RECORDED INFORMATION section start

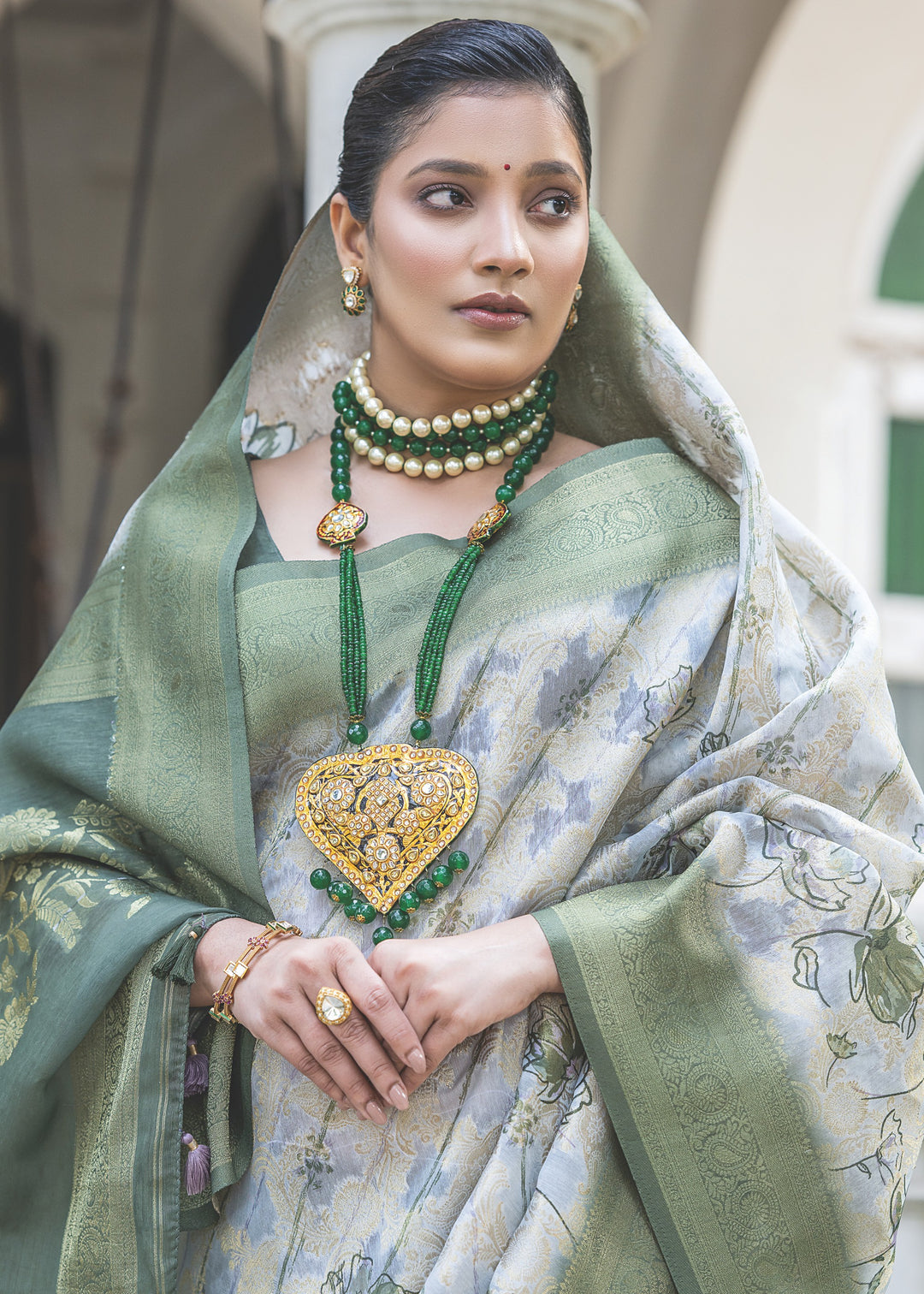 Tea Green Thread Woven Cotton Saree With Contrast Blouse And Pallu
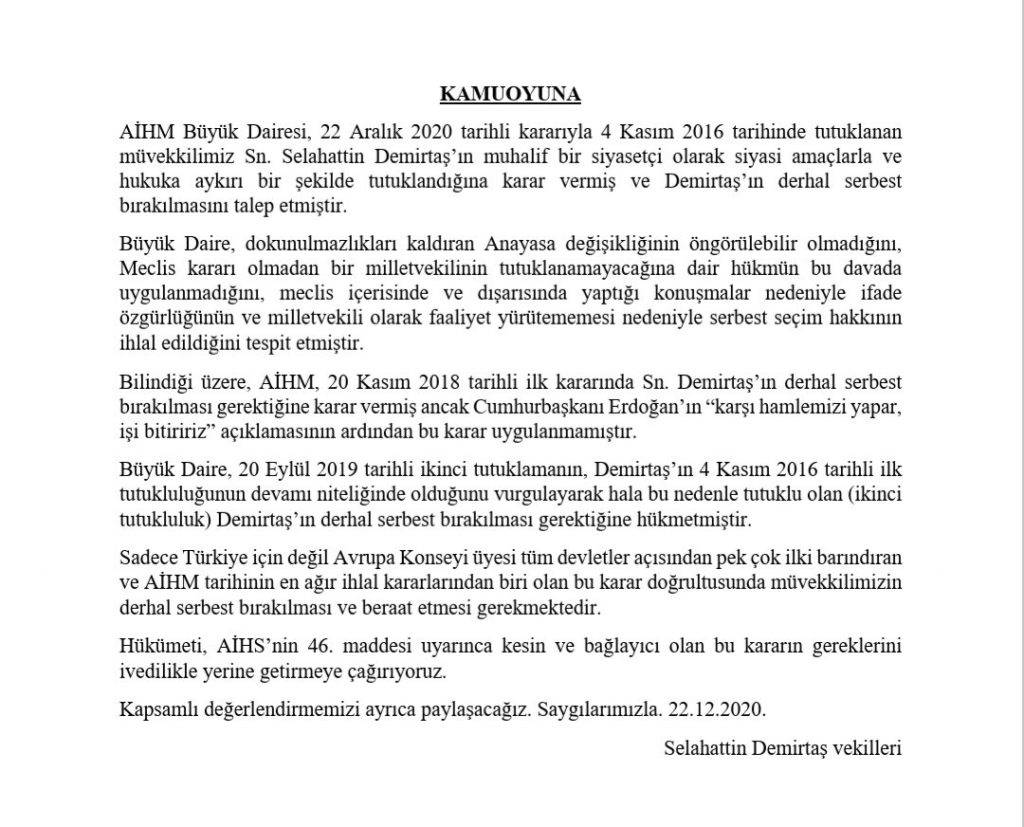 Yapılan açıklamada, “AİHM, Demirtaş’ın derhal bırakılması gerektiğine hükmetmiştir. Sadece Türkiye için değil Avrupa Konseyi üyesi tüm devletler açısından pek çok ilki barındıran ve AİHM tarihinin en ağır ihlal kararlarından biri olan bu karar doğrultusunda müvekkilimizin derhal serbest bırakılması ve beraat etmesi gerekmektedir. Hükümeti kararın gerekliliklerini ivedilikle yerine getirmeye çağırıyoruz” denildi.
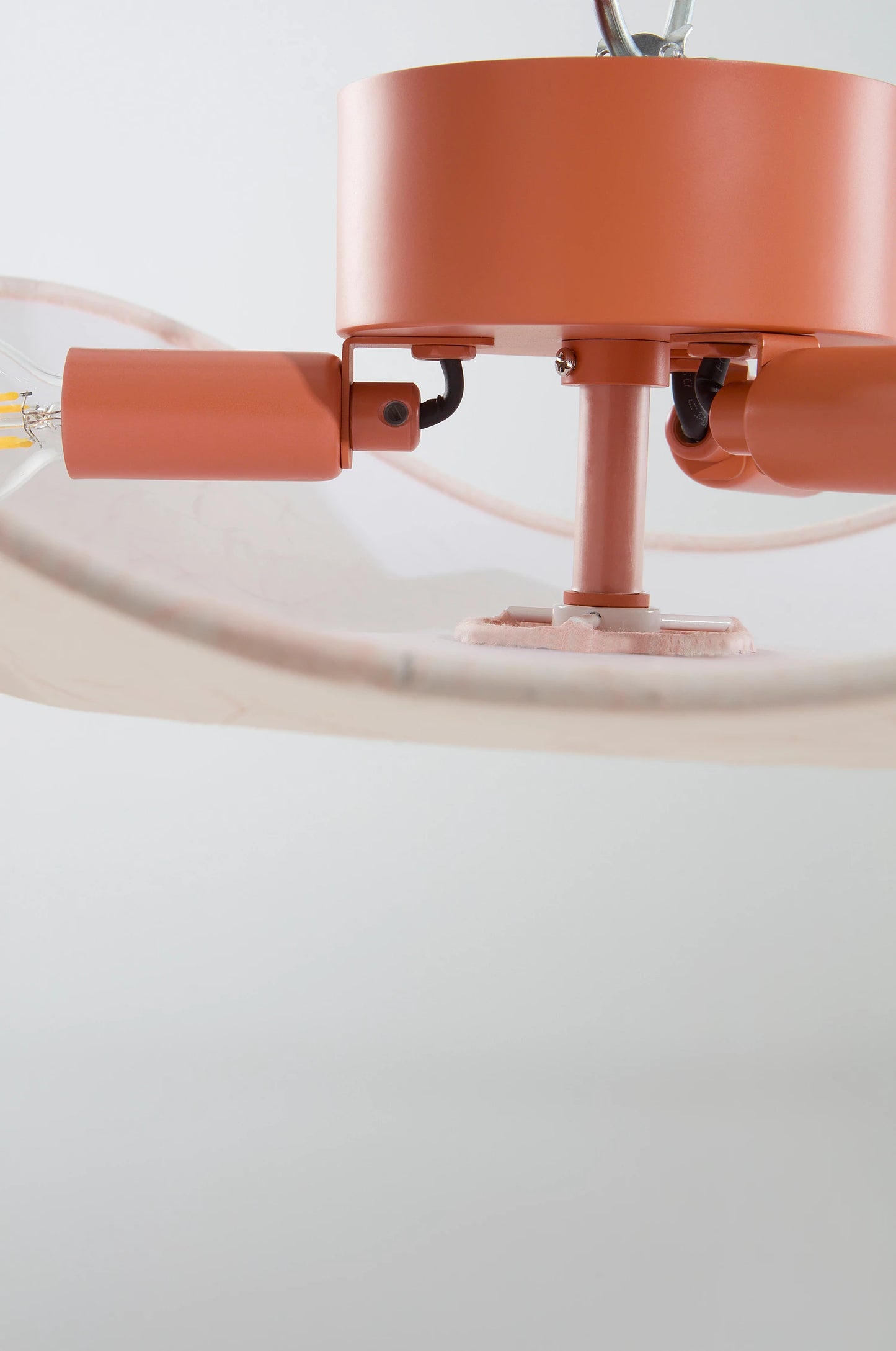 Plafon może posiadać drobne rysy. Plafon sufitowy o miękko zaokrąglonym, papierowym kloszu o marmurkowej strukturze. Oprawka wykonana jest z matowego, czarnego metalu.

RECORDED INFORMATION section end

WHAT TO PRODUCE
The result should be the same data as above, line for line, with the pictures gone.

RESULT FOR THIS TASK
 Tea Green Thread Woven Cotton Saree With Contrast Blouse And Pallu
 Yapılan açıklamada, “AİHM, Demirtaş’ın derhal bırakılması gerektiğine hükmetmiştir. Sadece Türkiye için değil Avrupa Konseyi üyesi tüm devletler açısından pek çok ilki barındıran ve AİHM tarihinin en ağır ihlal kararlarından biri olan bu karar doğrultusunda müvekkilimizin derhal serbest bırakılması ve beraat etmesi gerekmektedir. Hükümeti kararın gerekliliklerini ivedilikle yerine getirmeye çağırıyoruz” denildi.
 Plafon może posiadać drobne rysy. Plafon sufitowy o miękko zaokrąglonym, papierowym kloszu o marmurkowej strukturze. Oprawka wykonana jest z matowego, czarnego metalu.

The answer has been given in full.